Tony Brown

Personal information
- Full name: Andrew John Brown
- Born: 20 February 1936 Sydney, New South Wales, Australia
- Died: 15 April 2022 (aged 86)

Playing information
- Height: 5 ft 8 in (173 cm)
- Weight: 12 st 0 lb (76 kg; 168 lb)
- Position: Five-eighth
Club
| Years | Team | Pld | T | G | FG | P |
| 1956–64 | Newtown | 119 | 20 | 6 | 0 | 72 |
| 1967 | Penrith | 3 | 0 | 0 | 0 | 0 |
|  | Total | 122 | 20 | 6 | 0 | 72 |
Representative
| Years | Team | Pld | T | G | FG | P |
| 1958–62 | NSW City | 3 | 4 | 0 | 0 | 6 |
| 1958–62 | New South Wales | 9 | 2 | 0 | 0 | 6 |
| 1958–60 | Australia | 10 | 0 | 0 | 0 | 0 |
- Source:

= Tony Brown (rugby league) =

Australian rugby league player (1936–2022)

Andrew John Brown (20 February 1936 – 15 April 2022) was an Australian professional rugby league footballer who played in the 1950s and 1960s. An Australian international and New South Wales interstate representative five-eighth, and later lock forward, he played club football in Sydney's NSWRFL Premiership, captaining Newtown and later Penrith in their inaugural season.

==Playing career==
While playing in Sydney's NSWRFL Premiership for the Newtown club, Brown gained representative selection in the City, New South Wales and Australian teams.

In 1958, he was selected to make his debut for the Australian national team, becoming Kangaroo No. 335.

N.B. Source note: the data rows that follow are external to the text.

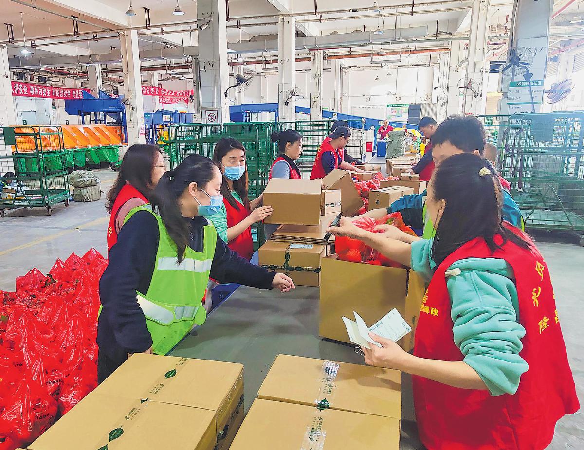 工作人員在隆昌郵政郵件處理中心包裝發運沃柑。 □袁潞 攝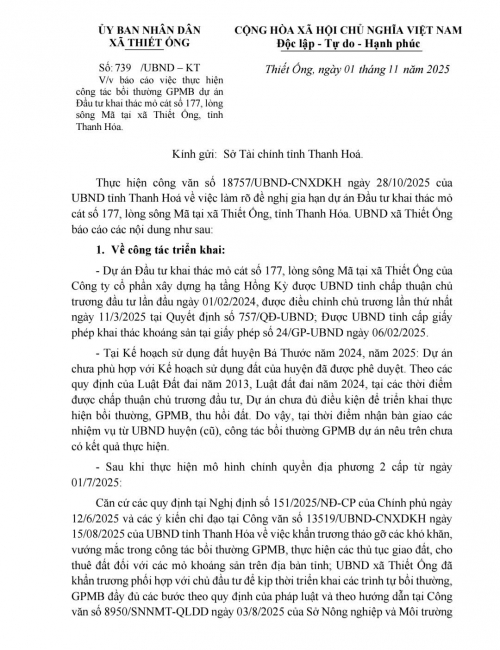 Theo đó, thực hiện Công văn số 18757/UBND-CNXDKH ngày 28/10/2025 của UBND tỉnh Thanh Hóa về việc làm rõ đề nghị gia hạn dự án Đầu tư khai thác mỏ cát số 177, lòng sông Mã tại xã Thiết Ống, tỉnh Thanh Hóa, UBND xã Thiết Ống đã có Văn bản số 739/UBND-KT báo cáo về vấn đề này.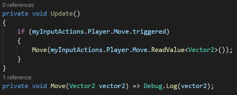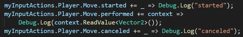 myInputActions.Player.Move.performed += context => Debug.Log(context.ReadValue<Vector2>());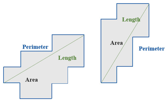 Finally, to distinguish meaningful targets from incorrect objects, such as artificial structures, the long axis of the polygon was calculated as the length of the target, as depicted in Figure 8. After creating a line connecting all points of the polygon, the maximum length of the polygon was set as the longest line. In this study, only polygons longer than 10 m (10 m-size) were selected as the final target object.

He was selected for the first two tests against Great Britain but missed the decider due to injury. The following year he played three tests against New Zealand and was selected for the Australian national team to go on the 1959–60 Kangaroo tour, playing at in the first test against France.

Having been released by Newtown in 1964, Brown was signed by second division club Penrith, who later gained entry into the first division premiership for the 1967 NSWRFL season. He captained Penrith in the opening rounds of their inaugural season before a leg injury ended his season.

For the Newtown Jets' centenary celebrations the club named its "Team of the Century" (1908–2008) which included Brown as a five-eighth.